[LISTED RECORDS]
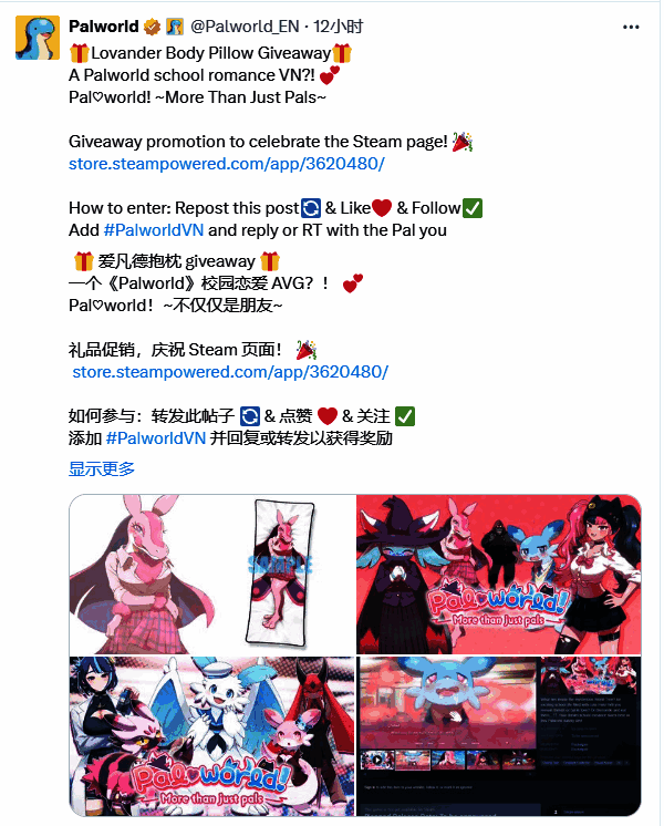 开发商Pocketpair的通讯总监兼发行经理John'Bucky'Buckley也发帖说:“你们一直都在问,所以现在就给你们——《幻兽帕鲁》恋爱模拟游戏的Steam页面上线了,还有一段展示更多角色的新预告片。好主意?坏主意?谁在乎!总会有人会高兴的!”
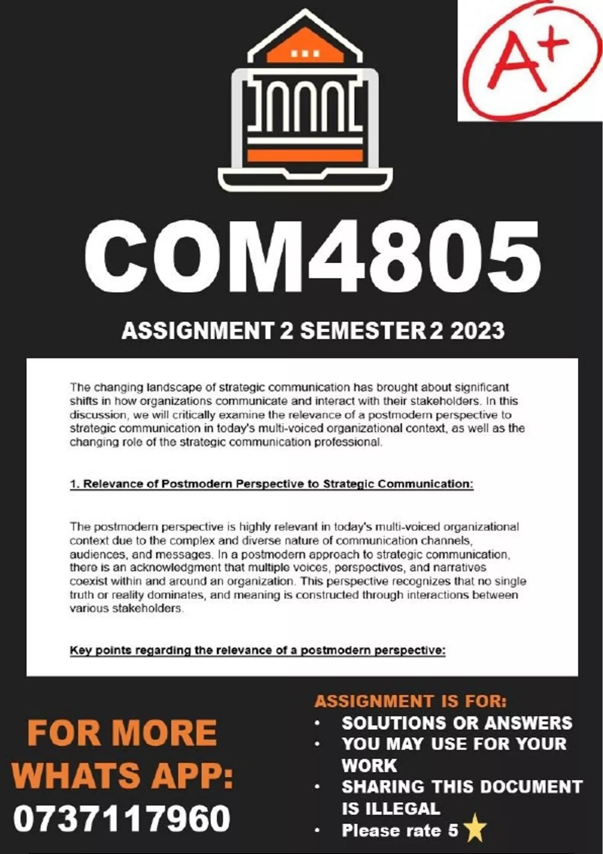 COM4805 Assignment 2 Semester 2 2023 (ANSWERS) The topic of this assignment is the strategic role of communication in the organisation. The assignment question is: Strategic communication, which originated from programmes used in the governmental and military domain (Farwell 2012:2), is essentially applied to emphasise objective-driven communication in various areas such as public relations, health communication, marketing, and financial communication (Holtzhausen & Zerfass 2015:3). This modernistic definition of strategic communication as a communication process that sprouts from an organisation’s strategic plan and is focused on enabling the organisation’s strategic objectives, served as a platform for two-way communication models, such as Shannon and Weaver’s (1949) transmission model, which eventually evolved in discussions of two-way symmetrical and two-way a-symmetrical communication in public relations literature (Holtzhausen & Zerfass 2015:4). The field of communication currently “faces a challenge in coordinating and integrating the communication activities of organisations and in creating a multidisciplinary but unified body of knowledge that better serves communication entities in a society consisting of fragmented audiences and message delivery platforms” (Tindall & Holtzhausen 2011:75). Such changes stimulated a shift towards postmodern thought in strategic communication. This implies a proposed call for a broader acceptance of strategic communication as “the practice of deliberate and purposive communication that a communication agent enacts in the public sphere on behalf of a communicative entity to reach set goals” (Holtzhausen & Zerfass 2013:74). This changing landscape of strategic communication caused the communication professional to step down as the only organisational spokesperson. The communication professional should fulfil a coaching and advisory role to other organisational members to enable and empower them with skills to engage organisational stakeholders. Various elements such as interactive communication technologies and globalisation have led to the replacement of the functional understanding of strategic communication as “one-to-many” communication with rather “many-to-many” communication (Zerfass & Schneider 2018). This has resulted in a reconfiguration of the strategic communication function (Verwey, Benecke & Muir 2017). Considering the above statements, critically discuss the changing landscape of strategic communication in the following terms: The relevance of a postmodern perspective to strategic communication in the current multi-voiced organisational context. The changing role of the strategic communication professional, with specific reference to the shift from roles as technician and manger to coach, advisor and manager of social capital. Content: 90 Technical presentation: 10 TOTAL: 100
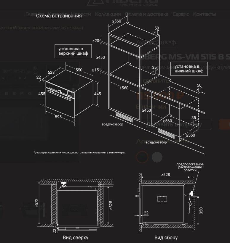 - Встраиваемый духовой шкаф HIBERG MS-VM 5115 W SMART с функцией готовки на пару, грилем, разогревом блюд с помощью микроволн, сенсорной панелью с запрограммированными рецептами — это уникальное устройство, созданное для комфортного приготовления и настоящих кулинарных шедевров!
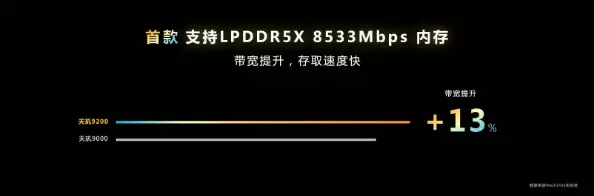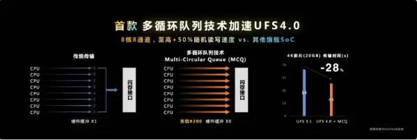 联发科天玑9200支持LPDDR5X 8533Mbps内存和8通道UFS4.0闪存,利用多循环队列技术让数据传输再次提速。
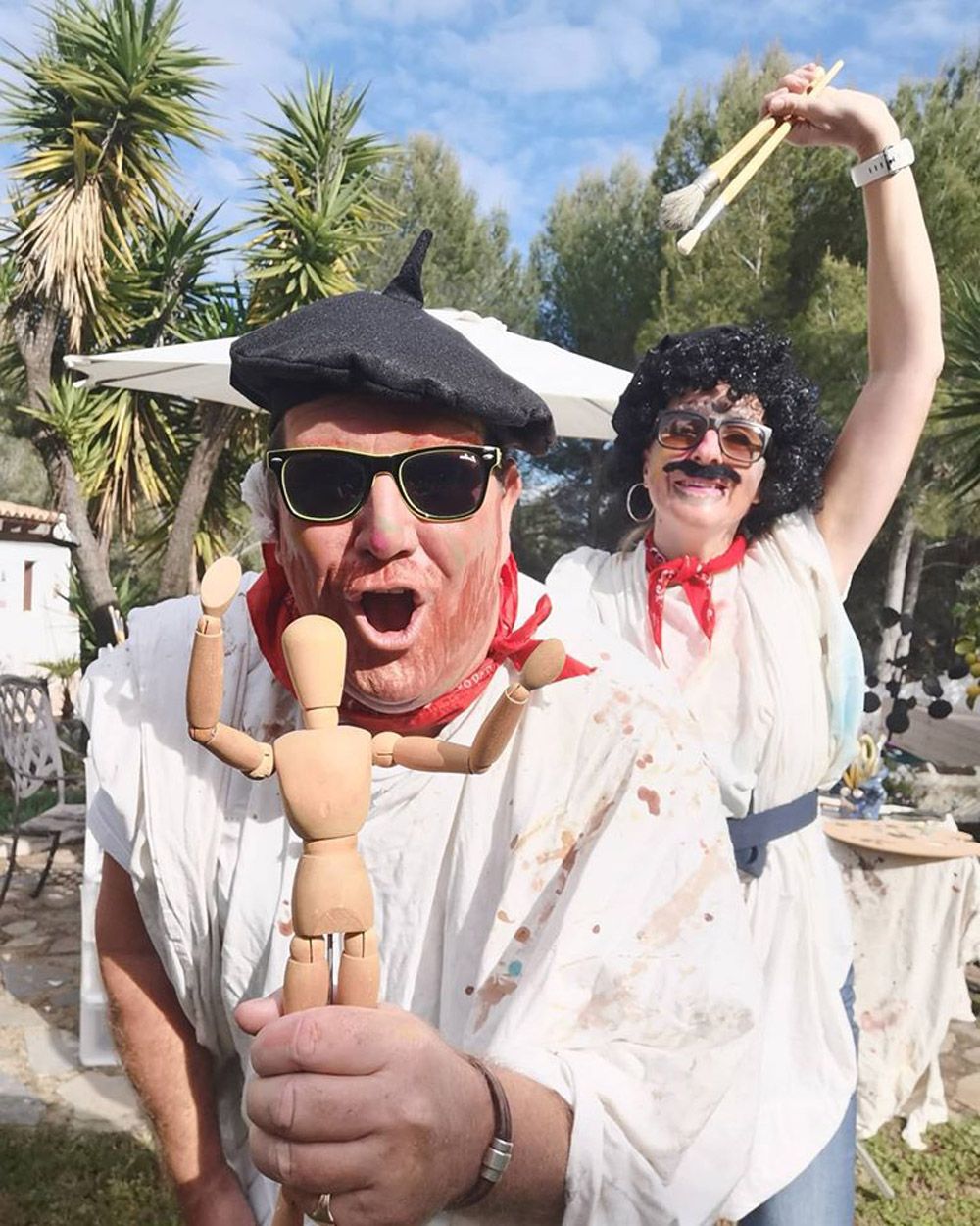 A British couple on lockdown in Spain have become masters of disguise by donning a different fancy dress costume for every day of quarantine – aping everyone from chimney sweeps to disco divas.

[WHAT TO DO]
Output, exactly and only: the line containing "- Встраиваемый духовой", the last line of the listing above, and every line in between. Leave the pictures out.

[SOLUTION FOR THIS EXERCISE]
 - Встраиваемый духовой шкаф HIBERG MS-VM 5115 W SMART с функцией готовки на пару, грилем, разогревом блюд с помощью микроволн, сенсорной панелью с запрограммированными рецептами — это уникальное устройство, созданное для комфортного приготовления и настоящих кулинарных шедевров!
 联发科天玑9200支持LPDDR5X 8533Mbps内存和8通道UFS4.0闪存,利用多循环队列技术让数据传输再次提速。
 A British couple on lockdown in Spain have become masters of disguise by donning a different fancy dress costume for every day of quarantine – aping everyone from chimney sweeps to disco divas.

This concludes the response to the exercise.